Given entries:

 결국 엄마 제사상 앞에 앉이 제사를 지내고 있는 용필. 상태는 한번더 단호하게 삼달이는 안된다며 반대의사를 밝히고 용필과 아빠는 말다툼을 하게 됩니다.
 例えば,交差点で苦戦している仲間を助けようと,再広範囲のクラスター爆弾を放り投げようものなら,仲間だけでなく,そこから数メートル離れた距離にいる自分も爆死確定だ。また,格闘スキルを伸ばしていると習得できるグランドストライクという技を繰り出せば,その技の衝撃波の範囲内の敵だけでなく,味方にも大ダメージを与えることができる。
--
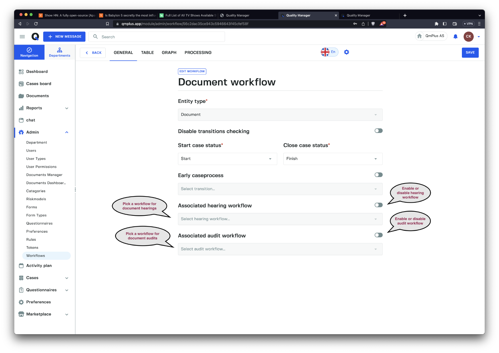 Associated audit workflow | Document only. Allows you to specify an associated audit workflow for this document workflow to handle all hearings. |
---
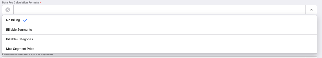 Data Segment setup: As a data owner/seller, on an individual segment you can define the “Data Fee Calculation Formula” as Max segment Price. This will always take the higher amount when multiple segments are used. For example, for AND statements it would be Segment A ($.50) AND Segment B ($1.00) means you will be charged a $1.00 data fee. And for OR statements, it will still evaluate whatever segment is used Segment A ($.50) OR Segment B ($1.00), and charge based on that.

Task item:
Please give back exactly the lines of this listing beginning at the line with "결국 엄마 제사상 앞에" and ending with the line with "例えば,交差点で苦戦している", both included, and nothing else.

Response area:
 결국 엄마 제사상 앞에 앉이 제사를 지내고 있는 용필. 상태는 한번더 단호하게 삼달이는 안된다며 반대의사를 밝히고 용필과 아빠는 말다툼을 하게 됩니다.
 例えば,交差点で苦戦している仲間を助けようと,再広範囲のクラスター爆弾を放り投げようものなら,仲間だけでなく,そこから数メートル離れた距離にいる自分も爆死確定だ。また,格闘スキルを伸ばしていると習得できるグランドストライクという技を繰り出せば,その技の衝撃波の範囲内の敵だけでなく,味方にも大ダメージを与えることができる。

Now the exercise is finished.